Almost every submitted code on codechef makes use of this very algorithm, but I am unable to decipher it's working. any link to the theory would be appreciated.
I am still unable to figure out what is happening in this exactly. can anyone write a pseudocode for this formula/algo? also help me understand time complexity for this code. another thing that amazes me is, if I write this code as:
################################################
### http://www.codechef.com/problems/TAPALIN ###
################################################
def modular_pow(base, exponent):
result=1
while exponent > 0:
if (exponent%2==1):
result=(result * base)%1000000007
exponent=exponent >> 1
base=(base*base)%1000000007
return result
c=int(raw_input())
from math import ceil
for z in range(c):
n=int(raw_input())
ans=modular_pow(26, int(ceil(n/2)))
if(n%2==0):
print ((52*((ans)-1+ 1000000007)%1000000007)*280000002)%1000000007
else:
print ((52*((((ans)-1+ 1000000007)*280000002)%1000000007))%1000000007+(ans*26)%1000000007)%1000000007
this improves the performance from 0.6secs to 0.4 secs. though the best code runs in 0.0 seconds. I am so much confused.
The number 280000002 is Modular Multiplicative Inverse of 25 mod 10^9 + 7, because we know 10^9 + 7 is prime so it's simply calculated using pow(25, 10^9 + 7 - 2, 10^9 + 7). Read more here: http://en.wikipedia.org/wiki/Modular_multiplicative_inverse
And we need to perform so many mod operations because we don't want to work with big numbers ;-)
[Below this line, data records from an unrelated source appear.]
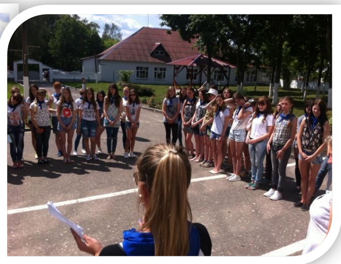
Линейка закрытия лагеря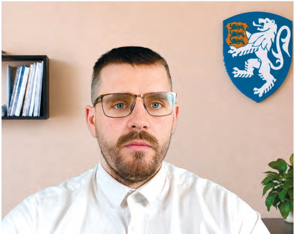
Kuvatõmmis Whatsappi helistanud kelmist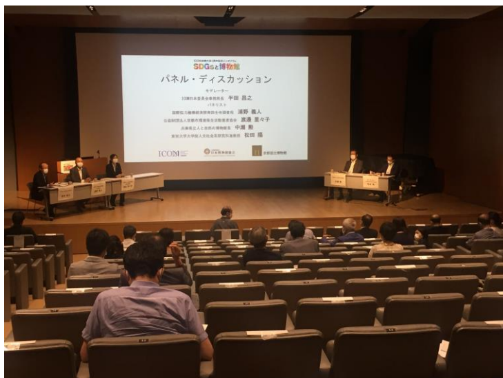
渡邊里々子氏（京都市環境保全活動推進協議会）、中瀬勲氏（兵庫県立人と自然の博物館）、浦野義人氏（国際協力機構）、松田陽氏（東京大学大学院）による SDGs と博物館に関するパネルディスカッション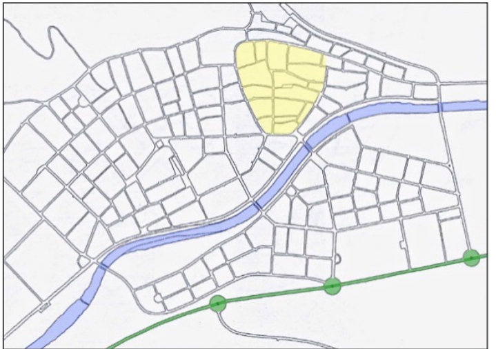
En haut, Masterplan pour la Ville de Diekirch par Léon KRIER (1984). En bas, réseau routier existant en 1984 (à gauche) et tel que projeté par le Masterplan pour la Ville de Diekirch (à droite). Le noyau de la Vieille Ville est en jaune, la Sûre est en bleu et la voie de déstagement du trafic de transition par une tangente sud est en vert.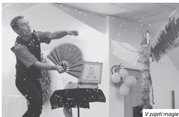
V zajetí magie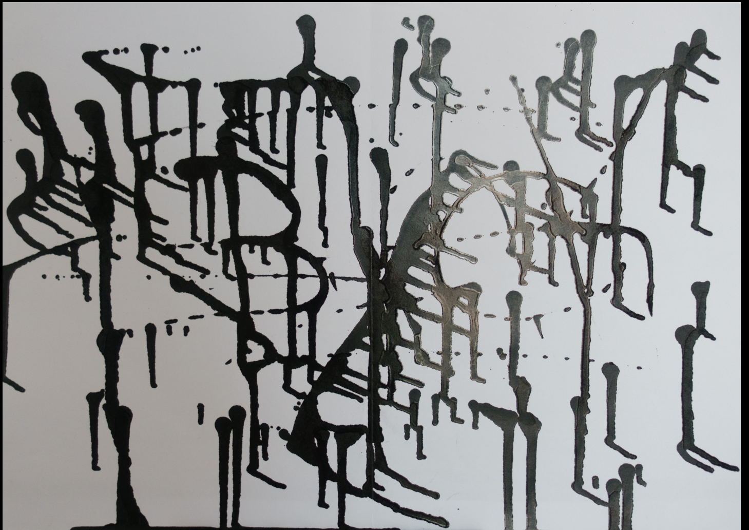
big black , 29,7x42 cm, 2016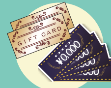
図書券・クオカード・金券 ※有効期限が3か月以上あるもの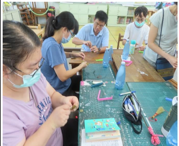
說明：校內同仁積極參與社區健康促進相關活動—心靈療癒貴黍掃帚創作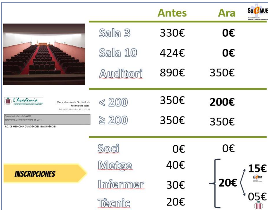
Figura 3.- Balanç econòmic de les Jornades d'Actualització.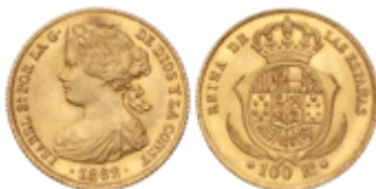
439 375 €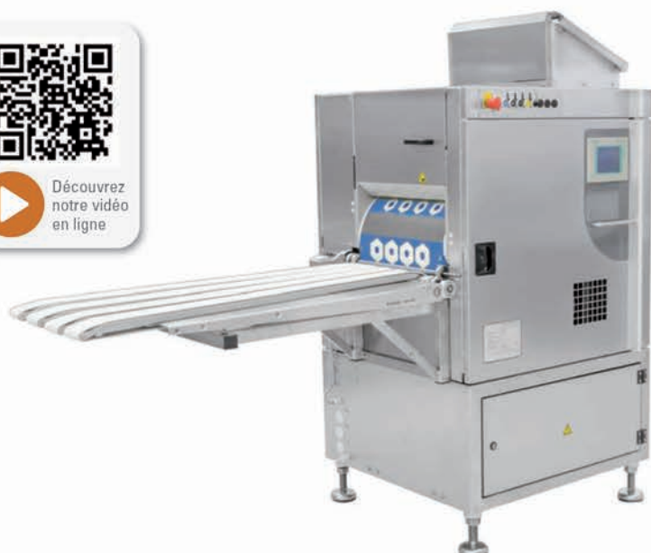
■ CLASSIC REX FUTURA - 3 à 6 rangées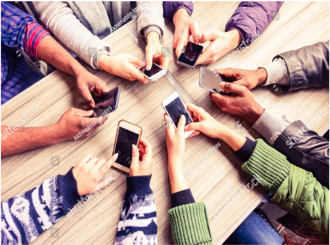
Şekil 2.2. Akıllı Telefonlar

Akıllı telefon, sadece arama ve mesajlaşma gibi temel telefon fonksiyonları ile sınırlı cihazlara ek olarak daha ileri seviyede işlem yapabilen, iyi bir mobil internet deneyimi sağlayan, üzerine farklı mobil uygulamalar yüklene bilen cihazlara denir. Bu cihazlarla dünya gündemini takip etmek, e-mail alıp gönderebilmek, internette gezinmek, sosyal ağlara bağlanmak, müzik dinlemek, oyun oynamak ve bilgi edinmek gibi ihtiyaçların karşılanmasında önemli etkileri vardır. Ancak akıllı telefonların bu gibi amaçlarla kullanabilmesi için internet bağlı olması gerekmektedir. Aslında insanları bu cihazlara bağımlılık yapacak kadar bağlı kılan en büyük etkenlerin başında internet ağının olduğunu söyleyebiliriz.(3, 33, 32).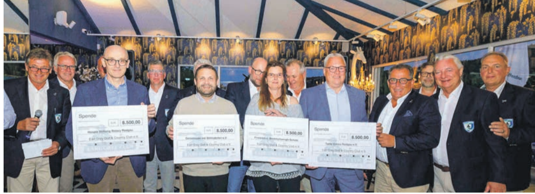
Die Überreichung der Spenden an die begünstigten Rodgauer Organisationen von insgesamt 36.000,00 Euro, war ein Höhepunkt des Abends.

Wer mit seinen golferischen Leistungen auf den bestens präparierten Fairways und Grüns nach dem ersten neun Loch nicht zufrieden war, konnte sich mit hervorragender Rundenverpflegung und Service der Veranstalter an der 'Halfway-Terrasse' ablenken und trösten. Als sich gegen 16:30 Uhr mit Beendigung des Turniers die Teilnehmer auf der Club-Terrasse zum 'Come-Together' einfanden, wurden bei kühlen Erfrischungsgetränken und kleinen Snacks gefachsimpelt und die Erlebnisse der Golfrunde aufgearbeitet.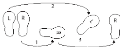
Slika 5. Ilustracija kretanja stopala u križnoj tehnici

Kombinirana tehnika – u nazivu ove tehnike se već da naslutiti da je riječ zapravo kombinaciji dvije tehnike i to upravo gore navedene križne i dokoračne. Igrač izvodi početne korake kao i u križnoj tehnici: otvaranje kukova iskorak u stranu, prekorak drugom nogom te nakon toga umjesto priključivanja noge radi sunožni bočni naskok koji je isti kao i u završnom dijelu dokoračne tehnike te iz te pozicije skače u blok.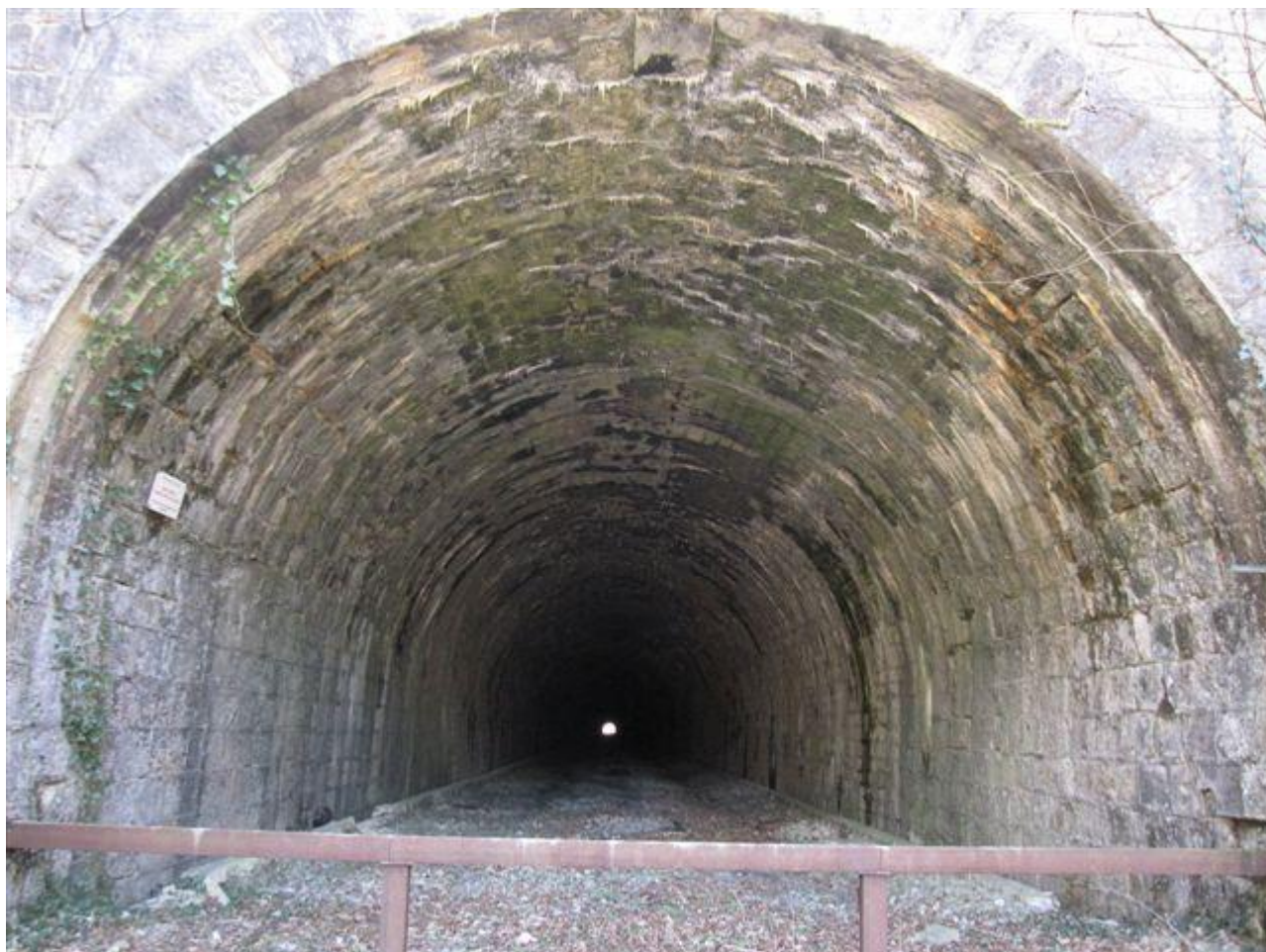
La galerie du tunnel vue depuis l'entrée (22/03/2011)

Never seen this algorithm before but walking through it with some of the easier test cases starts to reveal what is happening (BTW, my guess is everyone is using it because it was the top answer on code chef and everyone is just copying it, I don't think you have to assume it's the only way to do it).
To answer your questions:
where did the value 280000002 came from?
280000002 is the modulo multiplicative inverse of 25 mod 1000000007. This means that the following congruence is true
280000002 * 25 === 1 (mod 1000000007)
why do we need to perform so many mod operations?
Probably just to not be dealing with huge numbers along the way. Although there is some extra math in there that seems to me to just be making the numbers bigger than they need to be, see my note at the end about that. Theoretically you could just do one big mod at the end and get the same result but it's possible our tiny CPUs don't like that.
is this some famous algorithm of which I am unaware about?
Again, I doubt it. This isn't really an algorithm as it is a mashed up math formula.
Speaking of math, there is some stuff in there that is questionable to me. It's been a while since I messed with this stuff but I'm pretty sure that (52*(a-1+m)%m) will always be equivalent to (52*(a-1)%m since 52m mod m = 0. Not sure why you would be adding that huge number there, you may see some performance gain if you get rid of that.